Start the day with a stroll down Korzo, Rijeka’s main pedestrian thoroughfare and nerve center. Just off the avenue on a secluded square, dip into Samovar Bar, a cafe with more than 100 teas. Then stroll past the building — now housing a chocolate shop — where a young Fiorello H. La Guardia served as United States consular agent, from 1904 to 1906, then continue to the harborside City Market. Explore open-air kiosks and tables overflowing with fruits and vegetables, surrounding three 19th-century iron pavilions selling meats, cheeses, fresh bread, liqueurs, nuts and right-off-the-boat seafood.

During the Austro-Hungarian Empire, Rijeka exported everything from sugar and paper to playing cards and torpedoes, which were invented here. Start your pursuit of modern local designs in the oldest part of town — near the remains of the Roman settlement Tarsatica, dating from around the third century A.D. Inside Sta Da? (“Really?” in Rijeka dialect), you’ll find branded shirts, tote bags and even backpacks made from recycled bicycle tubes. About 200 feet away, step into Mala Galerija Bruketa.
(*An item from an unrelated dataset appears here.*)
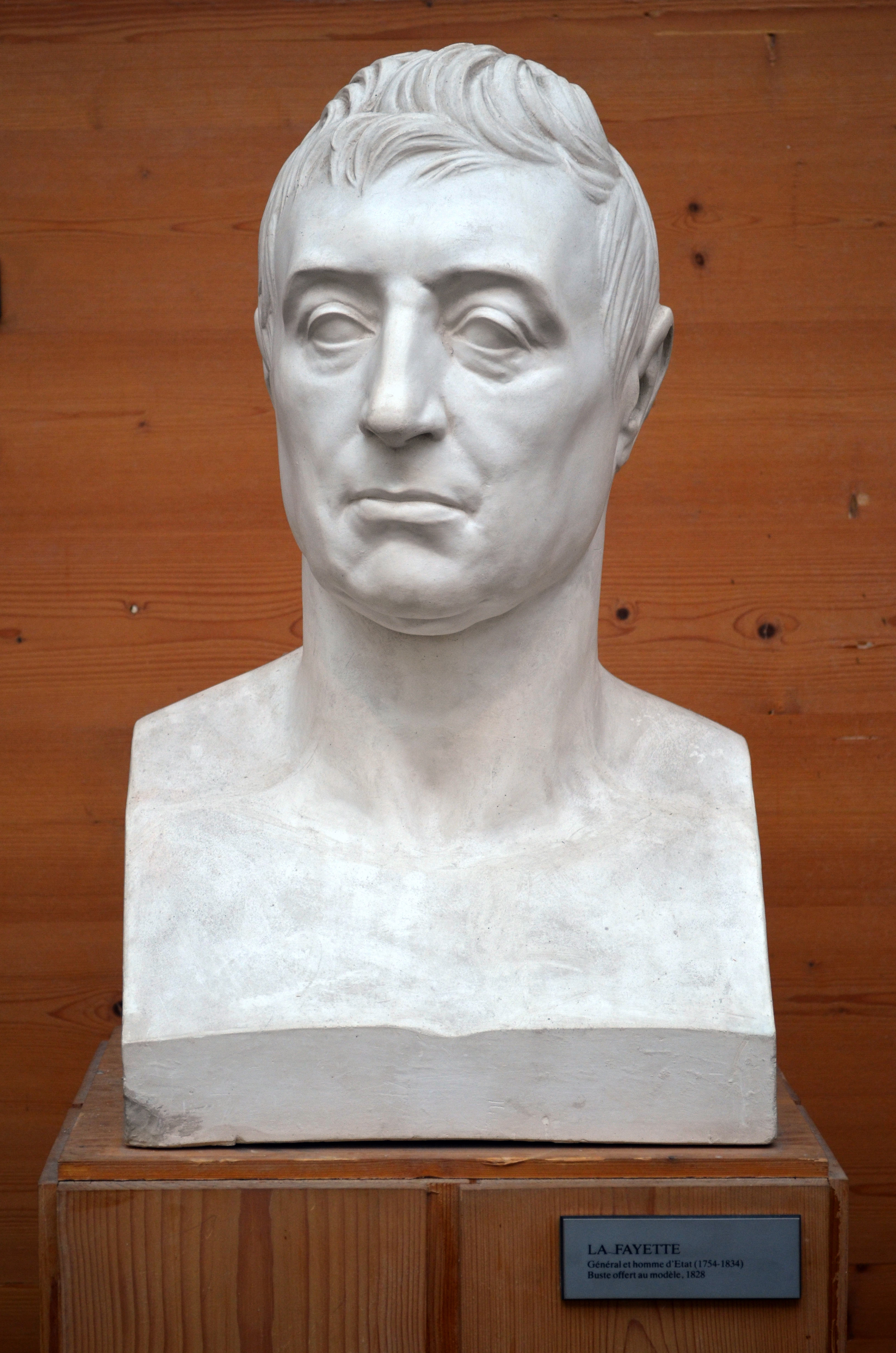 Gilbert du Motier, marquis de Lafayette's bust by french sculptor David d'Angers (1829). Exhibited in David d'Angers gallery, Angers, France
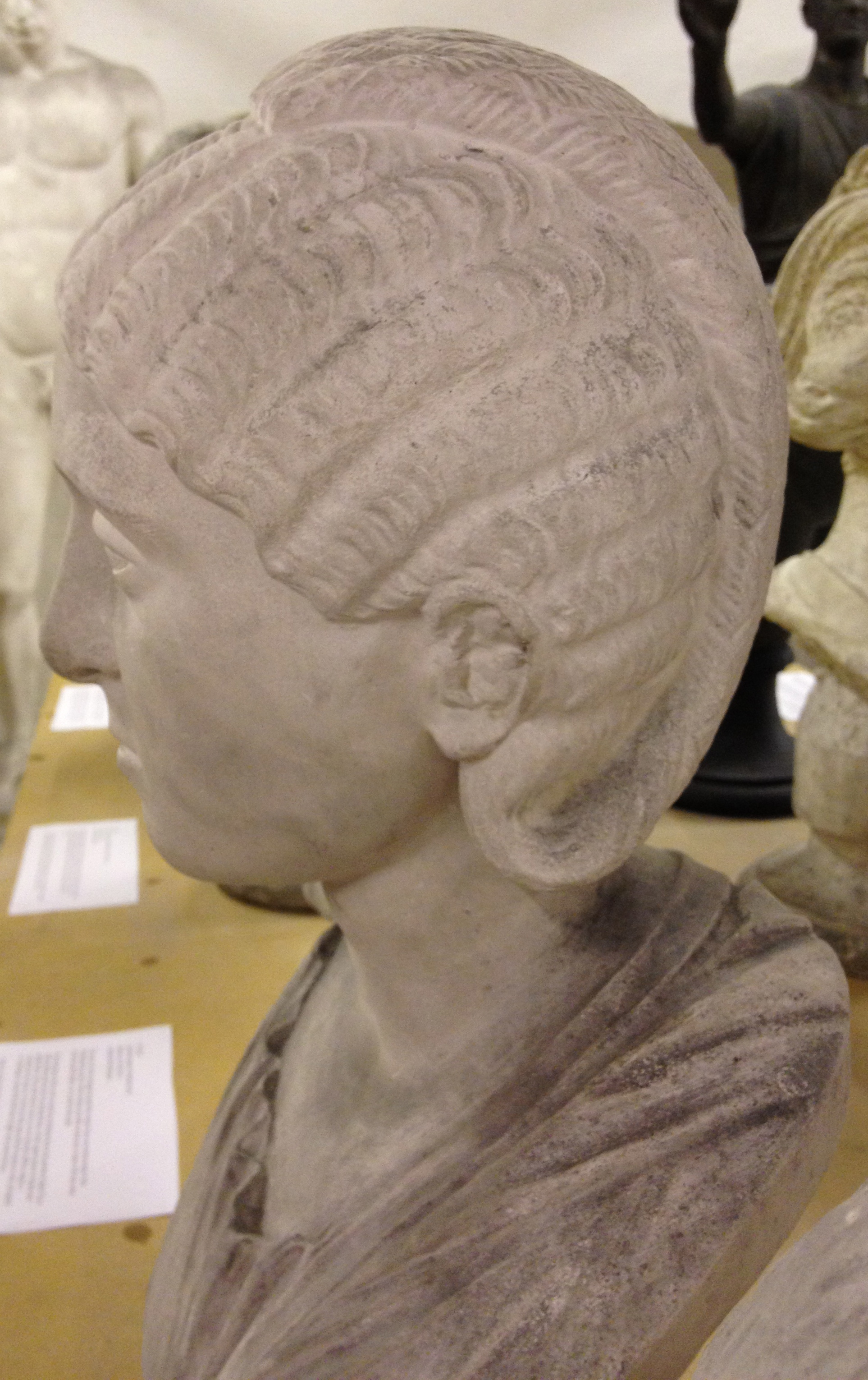 KAS 689 Sabinia Furia Tranquillina, wife of Gordian III, emperor from 238-244 AD Roman, 241-244 AD London, British Museum View from side Exhibit af Roman divas and their hair at the Royal Cast Collection, Copenhagen, Denmark Udstilling af romerske divaer og deres hår på Den Kongelige Afstøbningssamling, København, Danmark

The country’s oldest private gallery, opened in 1974, specializes in individually crafted ceramics: clocks, vases, lamps and dinnerware. Around the corner, Croatia in a Box displays myriad handmade items, including purses, dresses, necklaces, soaps and bowls carved from oak. But the concept at this two-year-old boutique is in the name. Construct your own boxed version of Croatia. Combinations lean toward the gastronomic and include olive oil, wine, sausage, cheese, truffles and chocolate. The largest boxes run about 1,200 kuna.

It doesn’t get any more local than Konoba Fiume. On an alley next to the market, this is the sort of diner where, under vaulted ceilings, fishermen sit with lawyers, and dock workers share tables with politicians. Though Fiume serves scores of tempting, moderately priced dishes like homemade pasta with shrimp and truffles (90 kuna), consult the chalk board’s fresh offerings, close the menu and say one word: “brudet”: a mixed-fish stew made with the day’s best seafood (50 kuna). Surrender to the restaurant’s ingredient suggestions, but ask nicely, and for about 90 kuna more, add the succulent scampi.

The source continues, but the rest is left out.